Carrillo v. Rostro, No. 19650

Docket NºNo. 19650
Citation114 N.M. 607, 845 P.2d 130, 1992 NMSC 54
Case DateAugust 28, 1992

Page 130

845 P.2d 130
114 N.M. 607, 80 Ed. Law Rep. 1009
Rose Mary CARRILLO, Plaintiff-Appellee,
v.
David ROSTRO, Evelyn Jones, Eraldo Lucero and Louis Marquez,
members and former members of the Board of Education of the
Bernalillo Public Schools, in their individual capacities,
Defendants-Appellants.
No. 19650.
Supreme Court of New Mexico.
Aug. 28, 1992.

Page 132

[114 N.M. 609] Simons, Cuddy & Friedman, C. Emery Cuddy, Jr., Charles D. Noland, Santa Fe, for appellants.

Levin & Vance, Claud Eugene Vance, Albuquerque, for appellee.

OPINION

MONTGOMERY, Justice.

In this case we address two important questions of first impression in New Mexico, one substantive, the other procedural. The substantive question is whether the defendant school board members, who refused to renew the plaintiff school principal's contract because of her criticism of the Board at a public meeting, may invoke the defense of qualified immunity to plaintiff's civil rights claims. Plaintiff sued under 42 U.S.C. Sec. 1983 (1988) for defendants' alleged violation of her First and Fourteenth Amendment right to speak at a public meeting.1

The procedural question, which we must resolve first because it relates to our jurisdiction to hear this appeal, is whether the trial court's denial of summary judgment on defendants' qualified immunity defense

Page 133

[114 N.M. 610] is reviewable, before trial, under the collateral order doctrine adopted by the United States Supreme Court in Cohen v. Beneficial Industrial Loan Corp., 337 U.S. 541, 69 S.Ct. 1221, 93 L.Ed. 1528 (1949). More broadly, the procedural question is whether we should adopt the Cohen collateral order rule in New Mexico and, if so, how that rule should be implemented.

As indicated, the trial court denied the defendants' motion for summary judgment, ruling against them on their claim that they were entitled to qualified immunity on plaintiff's Section 1983 claims. We hold that this pretrial order is reviewable, adopt the collateral order doctrine in New Mexico, and outline how that doctrine is to be invoked in a case in which it may be properly raised. On the merits, we affirm the district court's denial of summary judgment, holding, on facts taken as true for purposes of summary judgment, that qualified immunity was not available to the defendants because their action violated plaintiff's First Amendment right to address the Board in a public meeting concerning a matter of public concern.

I. FACTS AND ISSUES

On March 19, 1987, the Board of Education of the Public School District in Bernalillo, New Mexico, held a public meeting to consider whether to make up three school days that had been missed at Carroll Elementary School because of a broken water pipe.
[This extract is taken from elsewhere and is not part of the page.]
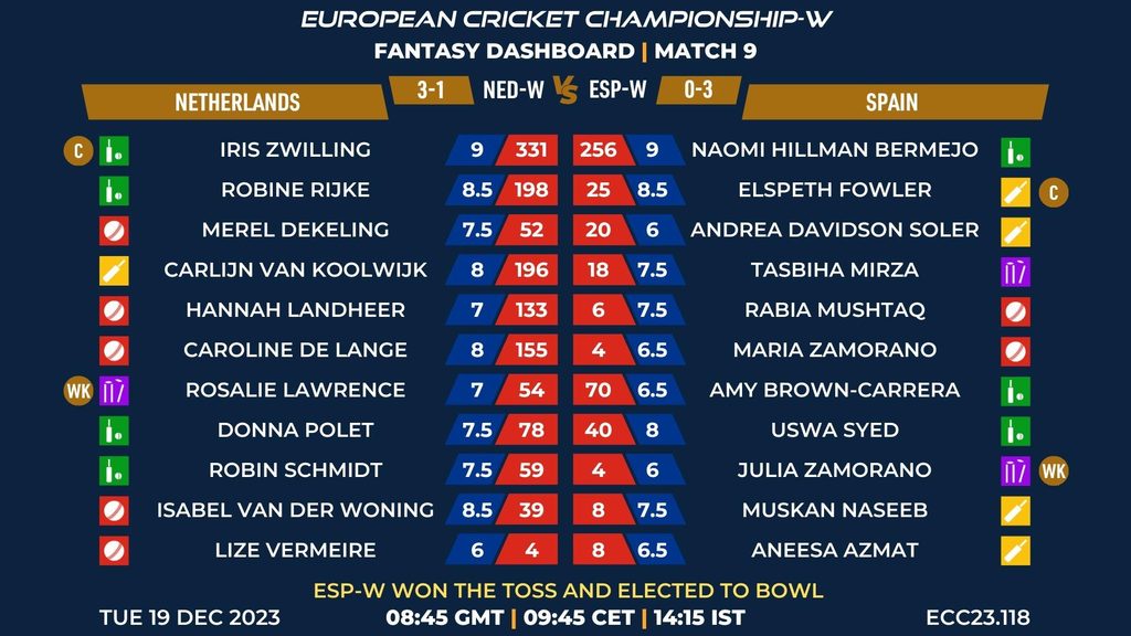 MATCH 9 (ECC23.118) NETHERLANDS vs SPAIN 08:45 GMT | 09:45 CET | 14:15 IST

Plaintiff Rose Mary Carrillo, who was then the principal of Carroll Elementary, was present at the meeting, as were defendants David Rostro, Evelyn Jones, and Eraldo Lucero, each of whom was a member of the Bernalillo Board of Education. The meeting was also attended by a number of other persons, including parents and staff members from Carroll Elementary.

During the meeting, the Board expressed a desire that the superintendent of the school district request a waiver from the State Department of Education so that the school days would not have to be made up. In response, plaintiff voiced her opposition to the Board's position. The parties disagree as to plaintiff's demeanor and the tone of her speech to the Board. According to defendants, plaintiff criticized the Board's position and questioned its commitment to quality education. They characterize her behavior as abrasive, harassing, inappropriate, and unprofessional. Plaintiff, on the other hand, denies that she criticized the Board; rather, she contends, she "spoke forcefully but professionally" and "presented a strong but composed public statement" of her belief that the school days should be made up.
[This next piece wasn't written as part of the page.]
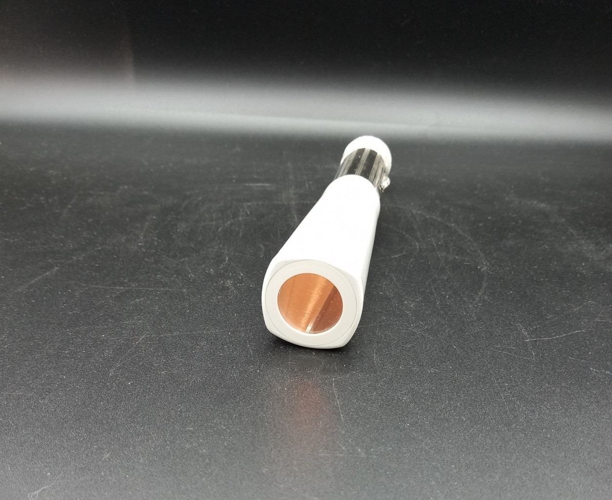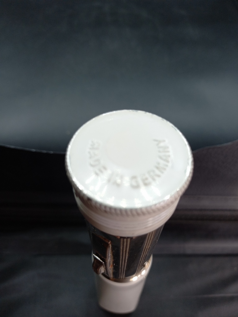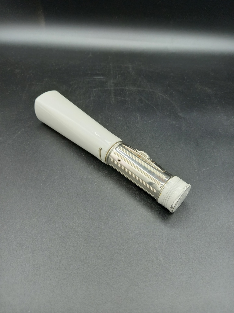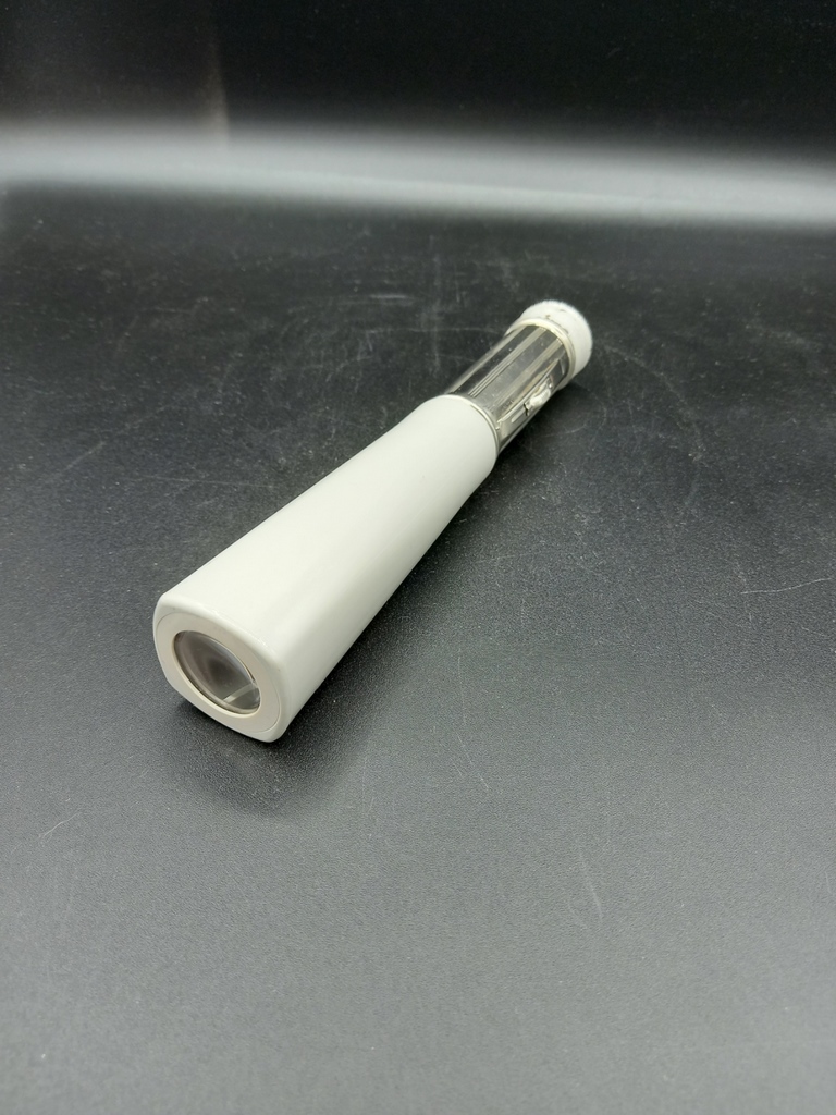 Linterna alemana de plástico blanco y metal. Funciona con dos baterías de 1,5 voltios R14P. Bajo alcance. Mejor como decorativa. 21 cm de largo.

In April of the following year, 1988, defendants voted not to renew plaintiff's contract as principal of Carroll Elementary School. Rostro, Jones, and Lucero admitted that they based their decision in part on plaintiff's behavior at the March 1987 meeting. They considered her conduct at the meeting as one of several indicators that she was unsuitable for continued employment as an administrator in the Bernalillo public schools. They offered her employment as an elementary school teacher, which she initially accepted but later resigned.

In mid-1988, plaintiff filed suit against defendants in their official capacities as members of the Bernalillo Board of Education, seeking relief for, among other things, violation of her civil rights under Sec. 1983. After the United States Supreme Court's decision in Will v. Michigan Department of State Police, 491 U.S. 58, 109 S.Ct. 2304, 105 L.Ed.2d 45 (1989), made it clear that the Board and its members in their official capacities were not subject to suit for money damages under Sec. 1983, plaintiff amended her complaint to seek damages under that section against the defendants in their individual capacities.2 In her amended complaint, insofar as relevant

Page 134

[114 N.M. 611] to this appeal, plaintiff alleged that defendants' decision not to renew her contract as principal was made in retaliation for her comments at the March 1987 meeting and therefore violated her First Amendment right to free speech and deprived her of her interest in continued employment without due process of law.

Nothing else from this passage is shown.